They had first pricked me on my leg and I had been brave. Then my right hand, left hand, you name it, and I had been very brave. And now it was my head and I was supposed to be brave.
“This will hurt a little, okay?”
said the health assistant smiling.
‘A little’ was an understatement though, I knew.
“It’s okay. Mummy’s here.” And before I, a brave young man, could get embarrassed with those simple words, the needle did its magic.
•••
The beeping sounds of machines and doors swinging; these are the only sounds I have been hearing for the last few days. Twice a day, I hear the familiar sounds of footsteps coming close to my bed, and then I try to concentrate on listening to the needle piercing through my body. But I never hear anything. The needles always silently make their way, and now, they even don’t hurt. I try to remember the prickly pricks of those needles, the pain they had caused me. I had thought that there was nothing as painful as the pain a single prick can cause.
But I was wrong. When I got an A- in my eighth grade exam instead of an A, it pricked me worse. And when I lost my first love, the pain was so bad that I ended up crying in my mother’s arms.
“It hurts so much, mummy,”
I had said between my loud sobs.
“She doesn’t love me.” I had fumbled with these words over and over again. “It’s okay. Mummy’s here,” my mother had replied.
“But I don’t want you. I want her.” The pain of unrequited love ran deep into my heart, or so I had thought. But I was wrong again.
When I had to cut my hair short for the stitches to be done properly on my head, my head looked so bad that I had to stay home for over a month until my hair grew longer. Having to stay back home listening to my mother’s suggestions at every step was painful; the most painful time of my life.
I can hear the coughs now, loud and hoarse. I try to open my eyes but I can’t. They flutter for a while and close involuntarily. I can see a womanly figure sitting across me, hands fisted and face sober. ‘It’s okay. Mummy’s here,” I want her to say. But she remains silent. That figure walks to me and whispers in my ears, “Do you need anything, Grandpa?”
Grandpa? I try to open my eyes and see her. Who is she? And who am I? Where’s my mother? I breathe in heavily. I find it hard breathing.
Grandpa? I heave a sigh. I hear the continuous beeps. The man has stopped coughing. The raindrops have lost their way in the clouds. I try to remember my mother’s eyes as she sings a lullaby to me, her agony when I was first pierced with a prickly prick, her stern face when I made a mistake (and I made many mistakes). I remember her dancing the day
I got married, her playing with my kids. I remember her getting old and sick. And one day she was gone; the absence of her laughter so severe, the pain of it more acute than anything I had ever known.

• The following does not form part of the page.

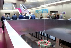 „Freiheit, Menschenrechte und Bildung hängen ganz eng zusammen“, erläuterte Schulleiter Harald Rehklau. „Es ist wichtig, Bildung und Werte zu vermitteln, damit Freiheits- und Menschenrechte ins Bewusstsein rücken. Viele Rechte sind immer noch nicht überall erreicht, beispielsweise Rechte der Frauen“, betonte Rehklau. „Wir freuen uns, dass der Namengeber unserer Schule jetzt einen Platz in unserem Schulgebäude hat. Die Schautafeln sind ein echter Hingucker.“ Rehklau richtete seinen Dank an die Familie Brey, die die Schautafeln gestiftet hat.

I hear the familiar sounds of footsteps again. It’s time for those prickly pricks now. The sharpness cuts through the layers of my skin that have witnessed the innocence of my childhood, the mistakes of my youth and lamentation of my old age.
“Oh how it hurts him!” I hear my granddaughter cry. I remember carrying her and swaying her when she first had her share of a prickly prick.
It doesn’t hurt, I want to tell her, nothing hurts me now.
As my skin gets pierced, the fluids slowly move through my cranked veins. I want to fall asleep now, never to wake up again. No more pricks now, no more heartache, no more mistakes, and no more trivial acts of bravery. The beeping sounds slowly fade away, doors have stopped swinging. Everything is still, silent. And then, I hear a voice.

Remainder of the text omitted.